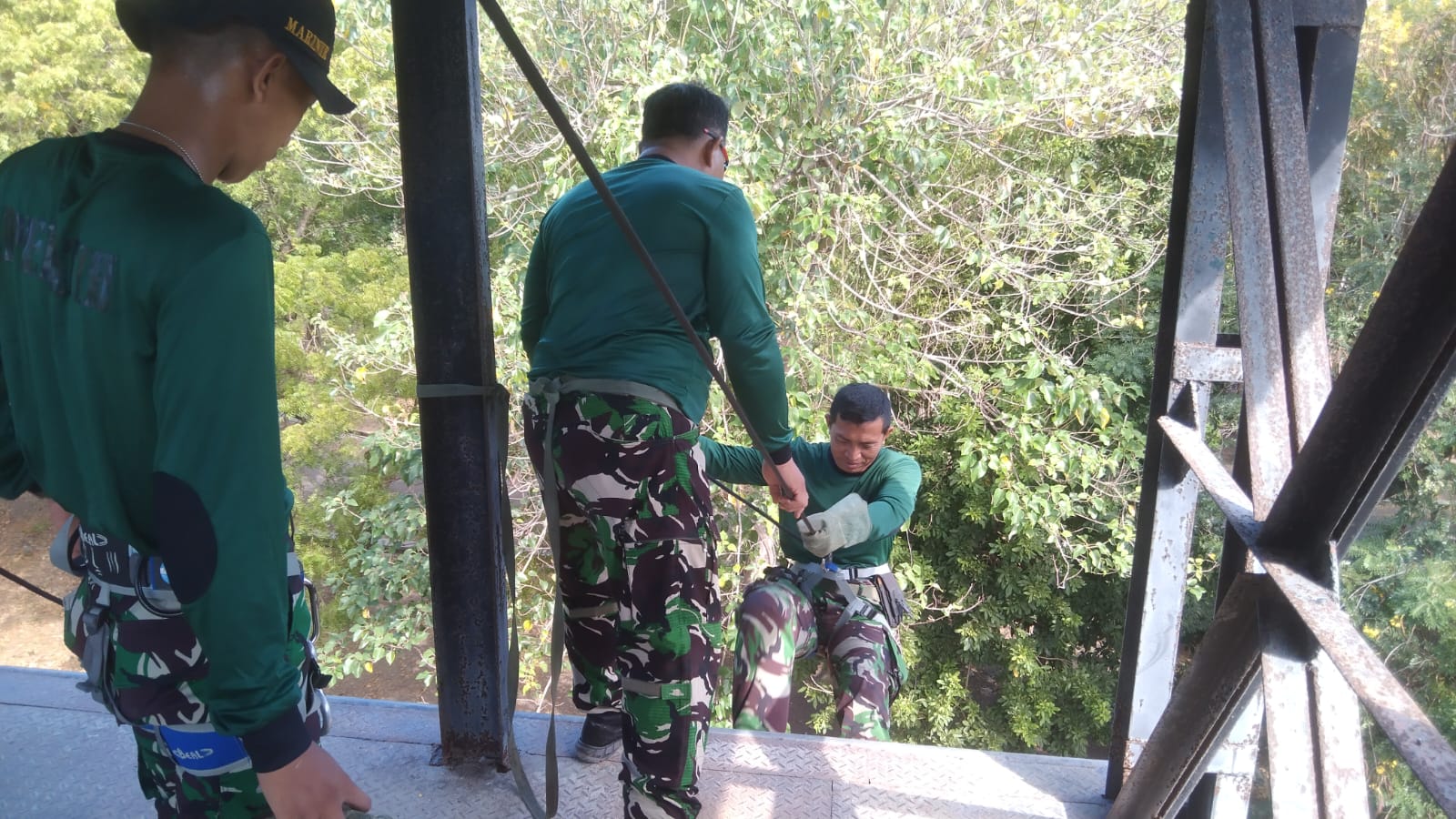 Dispen Kormar Situbondo - Pusat Latihan Pertempuran Marinir (Puslatpurmar) - 5 Baluran mengadakan kegiatan Penyegaran Mountainering dengan materi seat rappelling di Daerah Latihan (Rahlat) Puslatpurmar -5 Baluran. Sumberwaru Banyuputih Situbondo, kamis (30/05/2024).
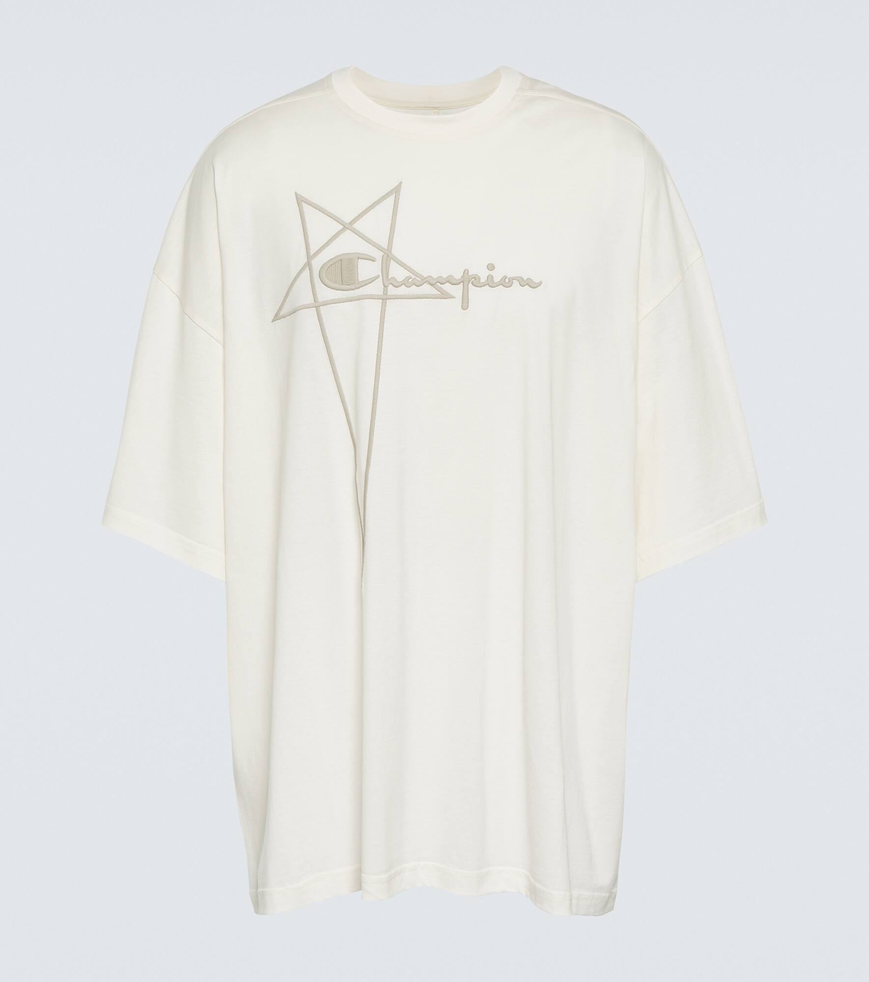 An essential to every wardrobe, this T-shirt from Rick Owens x Champion® will have you wearing it time and time again. This piece is crafted from breathable cotton for all-day wear. Product Details - Material: 100% cotton - Care instructions: hand wash - Made in Italy - Designer color name: Milk - Item number: P00819078 Size & Fit - Fits large to size - we recommend trying one size smaller - Designed for an extremely oversized fit - Dropped shoulders - Mid-weight material - Falls below the hip - The model in the picture is 185cm-6'1" and wearing a size S
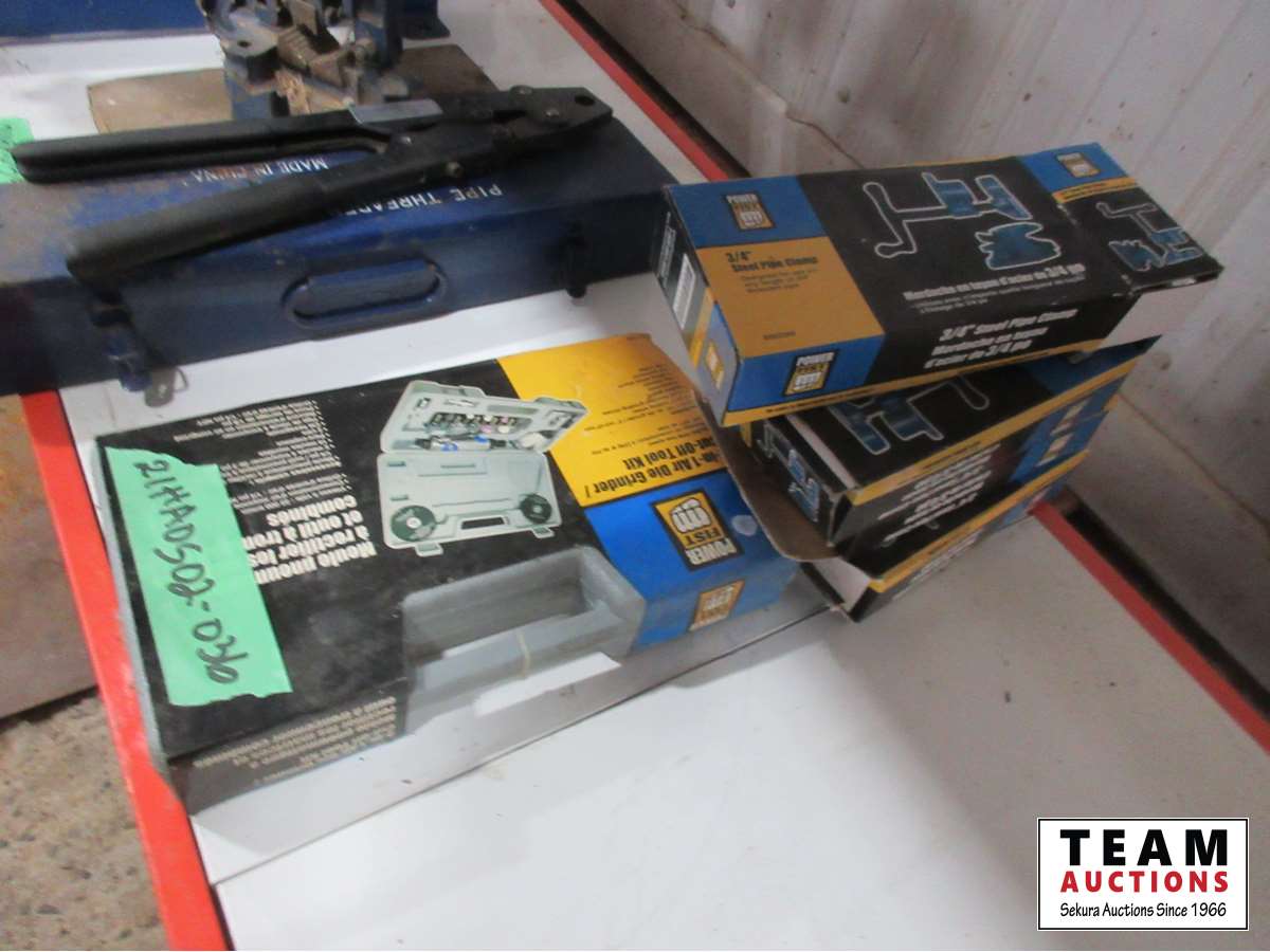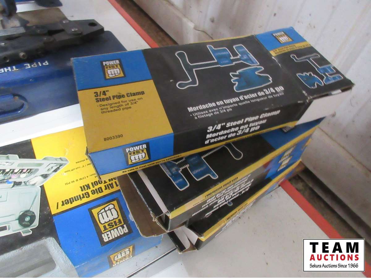 1632 Powerfist Die Ginder & (4) 3/4 Inch Pipe Clamps (Unused)

== Work to complete ==
Each line of the material goes into your copy unchanged, but no picture does.

== Exercise solution ==
 Dispen Kormar Situbondo - Pusat Latihan Pertempuran Marinir (Puslatpurmar) - 5 Baluran mengadakan kegiatan Penyegaran Mountainering dengan materi seat rappelling di Daerah Latihan (Rahlat) Puslatpurmar -5 Baluran. Sumberwaru Banyuputih Situbondo, kamis (30/05/2024).
 An essential to every wardrobe, this T-shirt from Rick Owens x Champion® will have you wearing it time and time again. This piece is crafted from breathable cotton for all-day wear. Product Details - Material: 100% cotton - Care instructions: hand wash - Made in Italy - Designer color name: Milk - Item number: P00819078 Size & Fit - Fits large to size - we recommend trying one size smaller - Designed for an extremely oversized fit - Dropped shoulders - Mid-weight material - Falls below the hip - The model in the picture is 185cm-6'1" and wearing a size S
 1632 Powerfist Die Ginder & (4) 3/4 Inch Pipe Clamps (Unused)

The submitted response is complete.